■ **To do**
Search the listing below for the line containing "rule in Gaza.". From there through the line containing "Acara berlanjut dengan", transcribe every line exactly, both ends included.

■ **Material for this task**
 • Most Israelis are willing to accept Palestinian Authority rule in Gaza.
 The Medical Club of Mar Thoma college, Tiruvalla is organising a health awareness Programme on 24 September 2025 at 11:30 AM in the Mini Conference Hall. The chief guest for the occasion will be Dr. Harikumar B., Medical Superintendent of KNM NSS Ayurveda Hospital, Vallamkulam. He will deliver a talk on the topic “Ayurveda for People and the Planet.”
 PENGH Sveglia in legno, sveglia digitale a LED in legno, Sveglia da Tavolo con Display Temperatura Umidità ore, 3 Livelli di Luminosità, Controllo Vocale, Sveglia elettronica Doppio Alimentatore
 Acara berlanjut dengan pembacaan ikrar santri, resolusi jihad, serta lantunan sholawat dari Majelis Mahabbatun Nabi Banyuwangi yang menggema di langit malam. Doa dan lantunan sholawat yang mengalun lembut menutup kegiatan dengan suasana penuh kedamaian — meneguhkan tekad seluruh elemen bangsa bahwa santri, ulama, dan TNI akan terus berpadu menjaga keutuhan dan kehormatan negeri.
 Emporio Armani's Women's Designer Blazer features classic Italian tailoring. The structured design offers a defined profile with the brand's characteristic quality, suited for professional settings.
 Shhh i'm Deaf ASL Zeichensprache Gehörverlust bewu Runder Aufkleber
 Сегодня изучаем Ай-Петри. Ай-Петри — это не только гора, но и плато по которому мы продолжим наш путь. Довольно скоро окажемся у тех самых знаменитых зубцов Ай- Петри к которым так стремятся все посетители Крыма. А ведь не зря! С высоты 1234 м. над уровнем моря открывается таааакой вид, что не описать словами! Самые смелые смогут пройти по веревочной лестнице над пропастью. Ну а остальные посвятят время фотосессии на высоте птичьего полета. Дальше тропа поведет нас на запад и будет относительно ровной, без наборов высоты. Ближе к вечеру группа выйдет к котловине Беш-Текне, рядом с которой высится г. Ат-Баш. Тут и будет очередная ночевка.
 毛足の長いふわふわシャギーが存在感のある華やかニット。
==
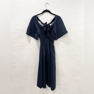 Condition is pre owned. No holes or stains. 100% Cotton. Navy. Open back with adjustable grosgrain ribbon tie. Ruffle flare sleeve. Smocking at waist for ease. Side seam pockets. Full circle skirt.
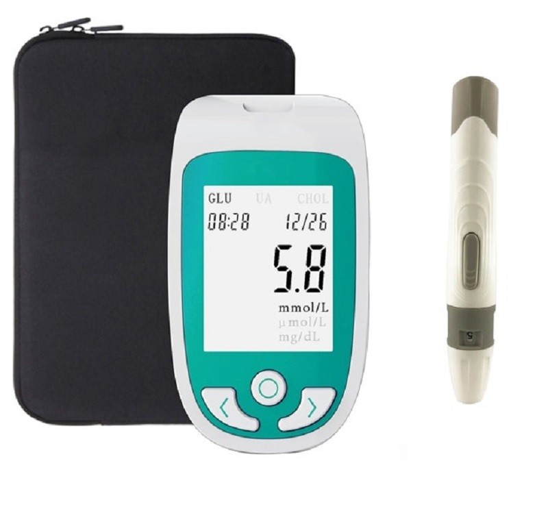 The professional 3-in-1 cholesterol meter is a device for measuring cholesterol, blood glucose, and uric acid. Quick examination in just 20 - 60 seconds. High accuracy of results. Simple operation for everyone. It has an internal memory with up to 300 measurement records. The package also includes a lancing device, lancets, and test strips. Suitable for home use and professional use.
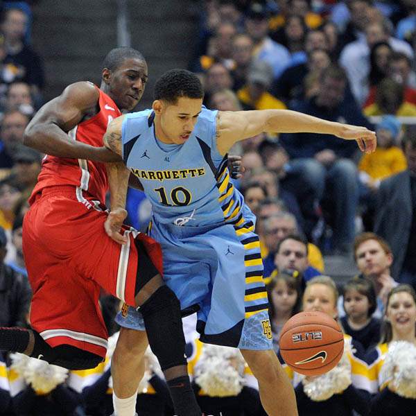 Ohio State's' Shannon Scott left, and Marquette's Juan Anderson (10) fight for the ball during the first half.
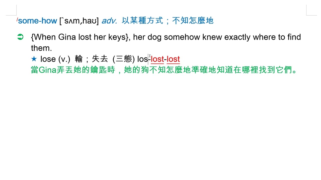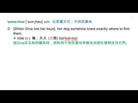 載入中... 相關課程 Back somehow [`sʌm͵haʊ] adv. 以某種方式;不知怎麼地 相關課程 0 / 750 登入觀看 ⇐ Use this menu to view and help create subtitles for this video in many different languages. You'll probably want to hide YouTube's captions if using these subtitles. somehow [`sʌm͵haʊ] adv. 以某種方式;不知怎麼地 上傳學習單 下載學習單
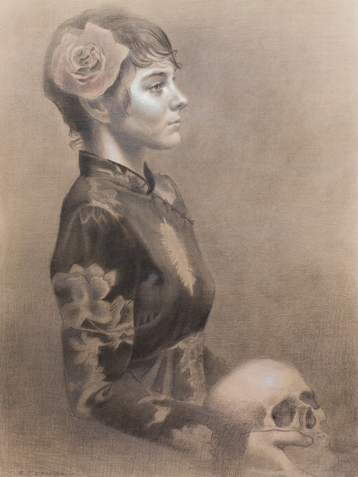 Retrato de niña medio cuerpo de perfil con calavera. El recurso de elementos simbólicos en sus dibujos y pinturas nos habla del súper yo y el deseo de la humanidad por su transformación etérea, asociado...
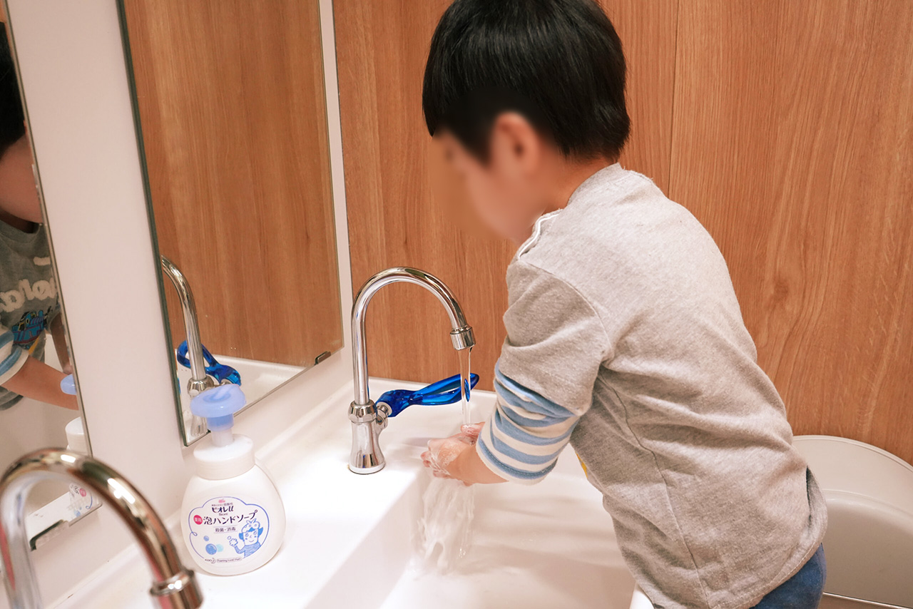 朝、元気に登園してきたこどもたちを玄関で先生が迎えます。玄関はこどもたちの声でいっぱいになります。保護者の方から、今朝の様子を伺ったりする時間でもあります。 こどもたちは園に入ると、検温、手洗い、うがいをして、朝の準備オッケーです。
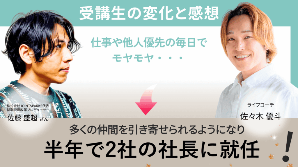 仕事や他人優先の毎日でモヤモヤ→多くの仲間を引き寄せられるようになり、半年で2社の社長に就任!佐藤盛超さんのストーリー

■ **Answer box**
 • Most Israelis are willing to accept Palestinian Authority rule in Gaza.
 The Medical Club of Mar Thoma college, Tiruvalla is organising a health awareness Programme on 24 September 2025 at 11:30 AM in the Mini Conference Hall. The chief guest for the occasion will be Dr. Harikumar B., Medical Superintendent of KNM NSS Ayurveda Hospital, Vallamkulam. He will deliver a talk on the topic “Ayurveda for People and the Planet.”
 PENGH Sveglia in legno, sveglia digitale a LED in legno, Sveglia da Tavolo con Display Temperatura Umidità ore, 3 Livelli di Luminosità, Controllo Vocale, Sveglia elettronica Doppio Alimentatore
 Acara berlanjut dengan pembacaan ikrar santri, resolusi jihad, serta lantunan sholawat dari Majelis Mahabbatun Nabi Banyuwangi yang menggema di langit malam. Doa dan lantunan sholawat yang mengalun lembut menutup kegiatan dengan suasana penuh kedamaian — meneguhkan tekad seluruh elemen bangsa bahwa santri, ulama, dan TNI akan terus berpadu menjaga keutuhan dan kehormatan negeri.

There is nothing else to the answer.